The parameters were all within safe zones (and steady for years). Which is basically the same as my tap water (I use a dechlorinator like "genesis" drops). Speaking of which after the "major" water change I just did (between half and 3/4) pretty sure nothing is out of whack parameter wise. Though I would have to guess the biological filter is probably shot. And I added a healthy dose of aquarium salt, along with another dose of binox. Turned out the light.

No I do not have another tank, but I have been debating getting some containers to seperate fish from each other and tank. At least maybe I can get a few if not all to "stay" clear of that fin rot. Right now only one of the loaches is showing a rough looking top fin.

Hey folks thanks! I mean it!! This has been a very depressing situation. And well I just had to vent. 
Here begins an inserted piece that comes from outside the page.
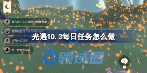 以上就是领域圈游戏为大家带来的光遇10.3每日任务怎么做解答,大家都了解了吗?还想要了解更多的内容那就请继续关注领域圈游戏吧。

Oh I did try something "super genius" I hope. I wrapped (clean) old socks around the empty media containers to act as a floss. Those emporer cartridges are just to expensive to cut open and throw away the carbon. And I thought it would be a good idea to have fresh mechanical filters.


----------



## somethings_fishy (Apr 21, 2007)

We have white cottony stuff floating around too, almost slimy at times, and it started when we got 2 rock shrimp a couple weeks ago. At first we thought it was the shrimp molting or something but every couple of days there is more white stuff floating around the top of the tank, mostly in the corner and around the filter and heater. We asked at the pet store and they didn't have a clue what it could be. I would post a picture but we just scooped out the most recent stuff today, but don't worry, there will most likely be more within a couple of days. Anybody have any ideas what this could be... we do regular water changes and all the water tests come back good, and we had no problems until we got the shrimp.


----------



## sxcsamman (Apr 21, 2007)

i agree with herefishy that it would be a fungus,
most likely from over feeding or not enough cleaning of tank. if you leave detritus on the bottom of the tank it will quickly turn into the white stuff, with adding a new fish and adds more bio load onto the tank which the filtration needs to "adjust" to and the best thing to do is keep the tank clean and do regular water changes. scott0402 you keep saying your water paramounts are at a safe level but what level are they at, what are the exact readings for ammonia, nitrite, nitrate, and . 

sam


----------



## bettababy (Oct 12, 2006)

if I may finish... "and pH"
sxcsamman, you are on the right track here... and it is likely that the biological filtration is shot at this point, which won't help the fish when the tank cycles again. Slowing down the feedings (*1/2 the amount of food every other day*) will help a lot, and small 10 - 15% water changes on the days you don't feed will also help to keep the nutrient levels under control while the tank is cycling again. This will make the water params much safer and leaves a better chance for the fish to survive this ordeal. 
I will warn against using medications at this point because of the expected cycling. Any ammonia or nitrite in the water, or nitrate over 40 will make medicating safely impossible. The best thing to do at this point is to keep the water clean by doing the water changes and decreasing the food, and wait it out. Once the tank is cycled completely, then if still needed, you can use medications to help cure the fungal or bacterial issues that may remain.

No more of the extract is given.